Fox’s near silence on Bondi is an admission that the hearing was an indefensible horror show. And it gets worse if you really think about it for a few minutes. Think of all the planning and strategizing that went into that performance. Employees of the Department of Justice, working on our dime, spent hours prepping Bondi on exactly how to insult each and every Democratic member of the committee. They came up with the idea of requiring each House member to have an individual log-in to peruse the Epstein files so the DOJ could spy on them. They spent hours assembling Bondi’s little burn book. She had to have been coached for hours about exactly how to ignore the questions and try to turn the tables on her interrogators. In other words: Her aides, whose salaries we pay, probably thought this would be great. That she’d walk away with a catalog of sound-bite knockout punches.

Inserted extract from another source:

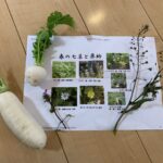 HOME > 2026年1月 >2026年1月 七草の日 2026/1/141月7日は七草の日。 この日は七草がゆを食べるのですが、お正月で疲れたお腹を休ませる事と 健康祈願の意味があるそうです。 活動で七草の中の2つスズナとスズシロを手で触って、匂いを嗅いだりしました。 他 ... 2026年1月 活動報告

Instead, Bondi walked away with the image that will haunt her for the rest of her life: her back turned to those Jeffrey Epstein victims as Representative Pramila Jayapal asked them to stand and raise their hands “if you have still not been able to meet with the DOJ”—and they all raised their hands. That image looked horrible Wednesday; as more and more details about the Epstein story leak out in the coming weeks and months, it’s only going to look worse.

In substantive terms, her performance at that hearing may not even have been the worst thing Bondi did this week! The morning after the hearing, she fired Gail Slater, the head of the department’s antitrust division. Slater actually had a decent reputation—she was part of the populist-MAGA anti-monopoly movement, and she brought a high-profile case against Google over its monopolization of the ad tech market.

Many progressive anti-monopolists were cheering for Slater. Said Senator Elizabeth Warren upon hearing this news: “A small army of MAGA-aligned lawyers and lobbyists have been trying to sell off merger approvals that will increase prices and harm innovation to the highest bidder. . . . . Bondi’s firing of Slater is a big nail in the coffin of the idea that Trumpian right-wing populism is willing to take on powerful interests. It may—but only as long as they’re designated enemies of Trump.

To circle back to Fox News: If they’re going to follow the old Murdoch edict of ignoring all bad news, pretty soon they’re going to be reduced to airing nothing but scare stories about woke Olympic athletes and Spanish-speaking superstars.

It’s not even clear Bondi had the worst week among Trump Cabinet officials. Defense Secretary Pete Hegseth got seriously pulverized twice this week. First, when a grand jury refused to indict six Democrats for their earlier video reminding soldiers that they had a duty to disobey illegal orders; as Chesa Boudin and Eric Fish point out in a Times op-ed today, grand juries convened by the mighty Justice Department almost never fail to return an indictment. Second, when a federal judge blocked Hegseth from punishing one of the six, Senator Mark Kelly of Arizona, writing that Hegseth had grossly violated Kelly’s First Amendment rights.

And Kristi Noem had to endure the indignity of seeing rival Tom Homan, the border czar, make her ICE-men goeth out of Minneapolis. Thursday night, The Wall Street Journal posted a long and devastating story about the mayhem at the Department of Homeland Security under Noem and her rumored lover, Corey Lewandowski. It’s the kind of Washington story that appears only when inside sources decide to start running to reporters to spill saucy details they once sat on—a clear sign that no one is scared of her anymore.

None of these people, of course, belongs in a high position in the federal government. They’re psychopathic monsters. There’s no doubt Bondi and her advisers think she knocked a home run on Wednesday. But one day, we’ll all learn what she’s hiding about the Epstein story. Can’t wait for that hearing.